CAPÍTULO CXIV EL DORADOR

114. El dorador

Penetrando cada vez más en el corazón del caladero japonés, el Pequod pronto se metió en el bullicio de la pesquería. A menudo, con tiempo templado, agradable, estaban atareados en las lanchas durante doce, quince, dieciocho y veinte horas, bogando constantemente, o navegando a vela, o remando con las palas tras las ballenas, o esperando calmadamente su emerger durante un interludio de sesenta o setenta minutos; aunque apenas sin recompensa alguna por sus esfuerzos.

En tales momentos, bajo un sol aplacado; a flote todo el día sobre lisas olas de lento ondear; sentado en la lancha, ligera como una canoa de abedul; y mezclándose de tan sociable manera con las propias suaves olas, que como gatos de chimenea ronronean contra la borda; éstos son los momentos de soñadora quietud, cuando observando la plácida belleza y refulgencia de la piel del océano, uno olvida el corazón de tigre que palpita bajo él; y preferiría no recordar que esta pata de terciopelo oculta una despiadada garra.

Éstos son los momentos en los que, en su lancha ballenera, el trotamundos siente mansamente hacia el mar una cierta emoción filial, confiada, terrena; que lo mira como a otra tierra florida; y el distante barco, que revela sólo las cofas de sus mástiles, parece avanzar con esfuerzo no a través de altas olas que voltean, sino a través de la alta hierba de una ondulante pradera: como cuando los caballos de los emigrantes hacia el Oeste sólo muestran sus orejas erguidas, mientras sus cuerpos ocultos extensamente vadean entre la prodigiosa vegetación.

Los largos valles vírgenes; las dulces faldas azules de montañas, mientras sobre éstos se extiende el silencio, el susurro; casi puedes jurar que niños agotados de jugar descansan dormidos en estas latitudes, en alguna alegre época de mayo, cuando se recogen las flores de los bosques. Y todo esto se mezcla con vuestro más místico estado de ánimo; de manera que hechos e imaginación, encontrándose a mitad de camino, se interpenetran, y forman un todo sin costuras.

Tampoco tales tranquilizantes escenas, por muy provisionales que fueran, dejaron de ejercer un efecto al menos temporal sobre Ajab. Mas aunque estas secretas llaves doradas parecieron abrir en él sus propios dorados secretos tesoros, su aliento sobre ellas, sin embargo, no resultó ser sino deslustrante.

—¡Oh, verdes claros!, oh, inacabables paisajes del alma, siempre vernales; en vos… aunque hace tiempo agostado por la mortal sequía de la vida terrena… en vos pueden aún los hombres revolcarse como jóvenes caballos en el trébol de la mañana nueva; y durante unos pocos pasajeros instantes sentir el fresco rocío de la inmortal vida en sí. Dios quisiera que esas benditas calmas duraran. Mas las hebras mezcladas y mezclantes de la vida están tejidas por trama y urdimbre; calmas cruzadas por tormentas, una tormenta por cada calma. En esta vida no se da un constante progreso irreversible; no avanzamos a través de gradaciones establecidas y nos detenemos en la última: a través del hechizo inconsciente de la infancia, de la fe irreflexiva de la niñez, de la duda (la común condena) de la adolescencia, luego escepticismo, luego descreimiento, descansando al final en el ponderado reposo del «si» condicional de la madurez. Y una vez transcurrido volvemos a trazar la ronda; y somos niños, muchachos, y hombres, y eternamente somos síes condicionales. ¿Dónde está el puerto final de donde ya no zarpamos más? ¿En qué embelesado éter navega el mundo, del que los más cansados nunca se cansarán? ¿Dónde está oculto el padre del expósito?

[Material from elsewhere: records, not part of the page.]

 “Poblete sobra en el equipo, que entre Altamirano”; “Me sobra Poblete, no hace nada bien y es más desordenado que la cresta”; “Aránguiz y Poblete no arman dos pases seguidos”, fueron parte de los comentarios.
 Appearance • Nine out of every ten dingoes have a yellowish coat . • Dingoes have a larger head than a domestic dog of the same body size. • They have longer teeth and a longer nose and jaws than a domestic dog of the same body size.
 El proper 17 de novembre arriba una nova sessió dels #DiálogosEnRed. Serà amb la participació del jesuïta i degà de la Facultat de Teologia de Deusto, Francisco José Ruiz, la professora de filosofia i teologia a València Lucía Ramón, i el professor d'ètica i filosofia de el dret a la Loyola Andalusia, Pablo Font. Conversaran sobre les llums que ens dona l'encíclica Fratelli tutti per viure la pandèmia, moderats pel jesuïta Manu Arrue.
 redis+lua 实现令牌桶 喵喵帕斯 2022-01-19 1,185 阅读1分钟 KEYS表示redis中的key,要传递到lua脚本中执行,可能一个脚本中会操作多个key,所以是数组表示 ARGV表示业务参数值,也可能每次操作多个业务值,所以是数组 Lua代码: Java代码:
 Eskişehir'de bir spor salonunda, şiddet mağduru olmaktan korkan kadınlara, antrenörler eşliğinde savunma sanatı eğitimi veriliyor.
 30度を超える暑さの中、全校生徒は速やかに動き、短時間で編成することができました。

Nuestras almas son como esos huérfanos cuyas madres solteras mueren al parirlos: el secreto de nuestra paternidad descansa en su tumba, y allí debemos ir para averiguarlo.

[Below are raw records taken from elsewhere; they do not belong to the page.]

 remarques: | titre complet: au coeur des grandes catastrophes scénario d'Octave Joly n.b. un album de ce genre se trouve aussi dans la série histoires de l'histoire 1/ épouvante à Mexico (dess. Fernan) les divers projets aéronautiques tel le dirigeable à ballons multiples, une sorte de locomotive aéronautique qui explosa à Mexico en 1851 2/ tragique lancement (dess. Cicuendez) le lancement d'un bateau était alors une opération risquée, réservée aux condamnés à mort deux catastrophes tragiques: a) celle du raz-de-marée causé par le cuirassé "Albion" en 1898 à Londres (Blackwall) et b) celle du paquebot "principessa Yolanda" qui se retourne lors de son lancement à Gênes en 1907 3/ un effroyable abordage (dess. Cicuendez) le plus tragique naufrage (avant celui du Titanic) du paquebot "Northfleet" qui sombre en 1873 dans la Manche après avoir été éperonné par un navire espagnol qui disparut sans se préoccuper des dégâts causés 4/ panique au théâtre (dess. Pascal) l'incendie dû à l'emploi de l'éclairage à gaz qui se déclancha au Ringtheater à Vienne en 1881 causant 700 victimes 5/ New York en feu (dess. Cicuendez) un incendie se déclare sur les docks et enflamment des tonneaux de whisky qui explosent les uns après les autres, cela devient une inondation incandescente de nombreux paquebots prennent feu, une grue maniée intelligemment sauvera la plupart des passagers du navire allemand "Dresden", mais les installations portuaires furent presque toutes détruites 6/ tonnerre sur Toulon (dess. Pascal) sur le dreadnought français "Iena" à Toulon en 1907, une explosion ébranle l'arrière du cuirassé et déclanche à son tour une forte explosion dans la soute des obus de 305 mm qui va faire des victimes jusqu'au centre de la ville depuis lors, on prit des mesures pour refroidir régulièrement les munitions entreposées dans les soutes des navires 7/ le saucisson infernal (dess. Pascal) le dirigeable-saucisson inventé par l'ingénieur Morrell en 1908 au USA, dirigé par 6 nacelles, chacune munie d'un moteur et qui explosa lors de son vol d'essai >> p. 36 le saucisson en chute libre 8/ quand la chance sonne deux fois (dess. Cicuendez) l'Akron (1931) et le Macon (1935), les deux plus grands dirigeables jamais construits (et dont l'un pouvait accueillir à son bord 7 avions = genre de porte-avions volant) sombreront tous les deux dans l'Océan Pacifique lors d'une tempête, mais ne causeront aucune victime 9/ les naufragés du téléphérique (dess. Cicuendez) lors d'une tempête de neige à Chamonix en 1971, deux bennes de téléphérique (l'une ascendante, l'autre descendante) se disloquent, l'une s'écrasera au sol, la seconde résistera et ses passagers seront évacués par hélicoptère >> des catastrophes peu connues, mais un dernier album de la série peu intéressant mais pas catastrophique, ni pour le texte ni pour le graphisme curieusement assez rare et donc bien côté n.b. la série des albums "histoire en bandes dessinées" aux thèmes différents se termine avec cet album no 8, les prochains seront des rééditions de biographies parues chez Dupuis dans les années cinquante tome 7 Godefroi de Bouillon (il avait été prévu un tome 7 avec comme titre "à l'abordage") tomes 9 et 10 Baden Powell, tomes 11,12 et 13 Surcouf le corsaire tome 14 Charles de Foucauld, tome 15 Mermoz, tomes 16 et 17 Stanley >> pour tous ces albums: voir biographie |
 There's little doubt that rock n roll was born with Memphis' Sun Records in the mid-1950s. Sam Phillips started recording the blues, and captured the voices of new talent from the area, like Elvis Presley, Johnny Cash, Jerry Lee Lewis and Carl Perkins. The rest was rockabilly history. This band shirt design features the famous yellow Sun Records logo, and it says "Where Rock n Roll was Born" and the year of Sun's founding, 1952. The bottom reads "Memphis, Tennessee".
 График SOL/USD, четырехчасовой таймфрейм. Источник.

Y también, el mismo día, desde el costado de su lancha observando muy abajo en ese mismo mar dorado, Starbuck, en voz baja, murmuró…

—¡Fascinación insondable, como nunca un amante vio en los ojos de su joven novia!… No me habléis de vuestros tiburones de hileras de dientes, y de vuestros secuestradores modos caníbales. Que la fe desplace al hecho; que la ilusión desplace al recuerdo; yo miro muy profundo, y creo.

Y Stubb, como un pez, con escamas destelleantes, saltó en esa misma luz dorada…

—Yo soy Stubb, y Stubb tiene su historia; ¡pero aquí Stubb jura que siempre ha sido jovial!